#### WHAT YOU ARE ASKED TO DO
Please copy the data below exactly, from its first line through the line holding "Beautiful one bedroom", and skip the pictures.

[Data extracted from a collection]
▶
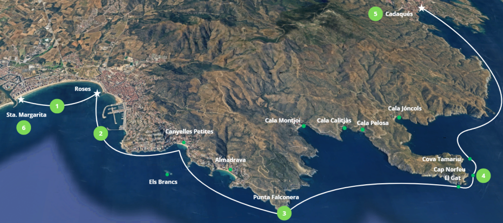 Durante el regreso a Roses, disfrutarás de vistas panorámicas de la Bahía de Roses que forma parte del Club de las 30 Bahías más bonitas del mundo, cerrando una experiencia que combina naturaleza, cultura y relajación.
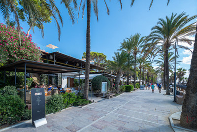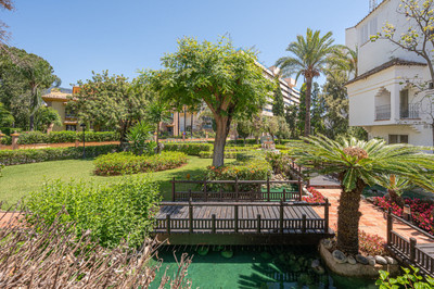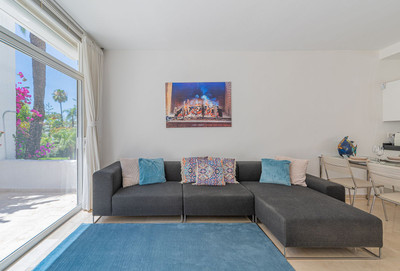 Beautiful one bedroom apartment in Alhambra del Mar on the Golden Mile of Marbella only 100m from the beach promenade and close to all amenities. The apartment consists of a spacious living-dining space with open American kitchen and direct access to a nice terrace with lovely views to the tropical garden of the complex. Furthermore there is a good size bedroom with bathroom and a small dressing area en suite. It is surrounded by the lush gardens and fountains of the Alhambra del Mar urbanization which evoke a permanent feeling of holidays and breathing space. With all amenities at hand and just a few metres from the beach, Capuccino and at walking distance to Marbella centre, the apartment offers an excellent location and a rare opportunity to live by the sea. Includes a good sized storage in the basement.
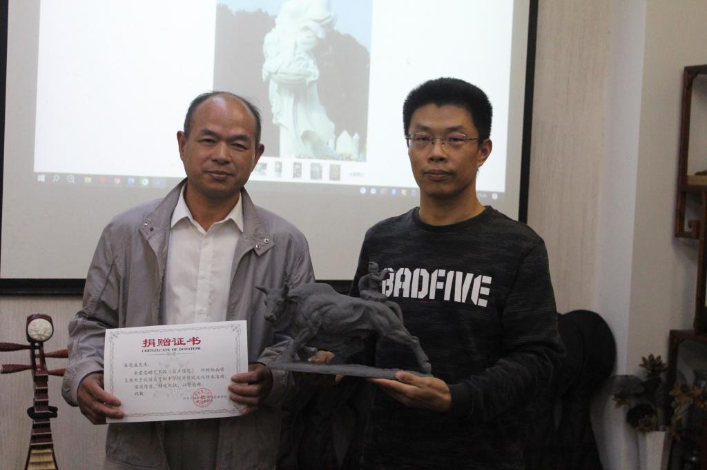 集团团委书记周春晓老师,公司党委副书记、纪委书记任凯老师,600全讯白菜思政主管芦美丽老师和主讲老师朱茂盛、黄小华参加了开班仪式,活动由英语232班蔡利君同学主持。开班仪式上,学校团委书记周春晓老师肯定了前两期“博雅课堂”泥塑班的开班效果,希望同学们在这次博雅课堂中有所成长。主讲老师朱茂盛向学校赠送了他的泥塑作品《笛声悠悠》,并与黄小华老师一同介绍作品的创作背景、特点等,随后,公司党委副书记任凯老师为朱老师颁发了捐赠证书。
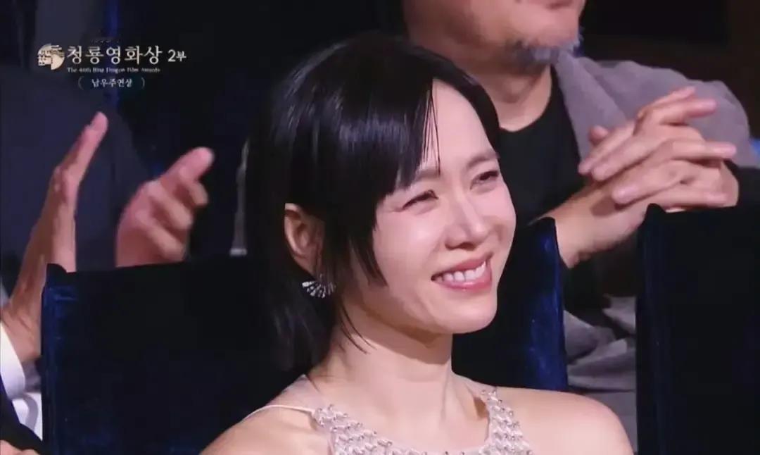 宋慧乔一袭银裙走上红毯,镜头怼脸也挑不出褶子,结果颁奖礼结束,影后奖杯被孙艺珍抱
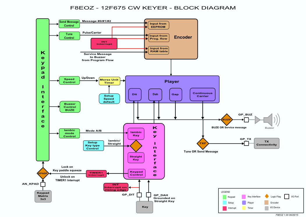 KEY INTERFACE: traduit les appuis de la CLEF en DIT et DAH. Le type de clef Iambique ou Droite est déterminé automatiquement au Setup (DAH à la masse = clef Droite). Le mode Iambique A ou B est sélectionnable par une touche du clavier fonctionnant en bascule. L’interface commande l’accès au clavier blocage/déblocage de manière asynchrone par l’interruption TIMER1.
◀
#### TASK RESULT
 Durante el regreso a Roses, disfrutarás de vistas panorámicas de la Bahía de Roses que forma parte del Club de las 30 Bahías más bonitas del mundo, cerrando una experiencia que combina naturaleza, cultura y relajación.
 Beautiful one bedroom apartment in Alhambra del Mar on the Golden Mile of Marbella only 100m from the beach promenade and close to all amenities. The apartment consists of a spacious living-dining space with open American kitchen and direct access to a nice terrace with lovely views to the tropical garden of the complex. Furthermore there is a good size bedroom with bathroom and a small dressing area en suite. It is surrounded by the lush gardens and fountains of the Alhambra del Mar urbanization which evoke a permanent feeling of holidays and breathing space. With all amenities at hand and just a few metres from the beach, Capuccino and at walking distance to Marbella centre, the apartment offers an excellent location and a rare opportunity to live by the sea. Includes a good sized storage in the basement.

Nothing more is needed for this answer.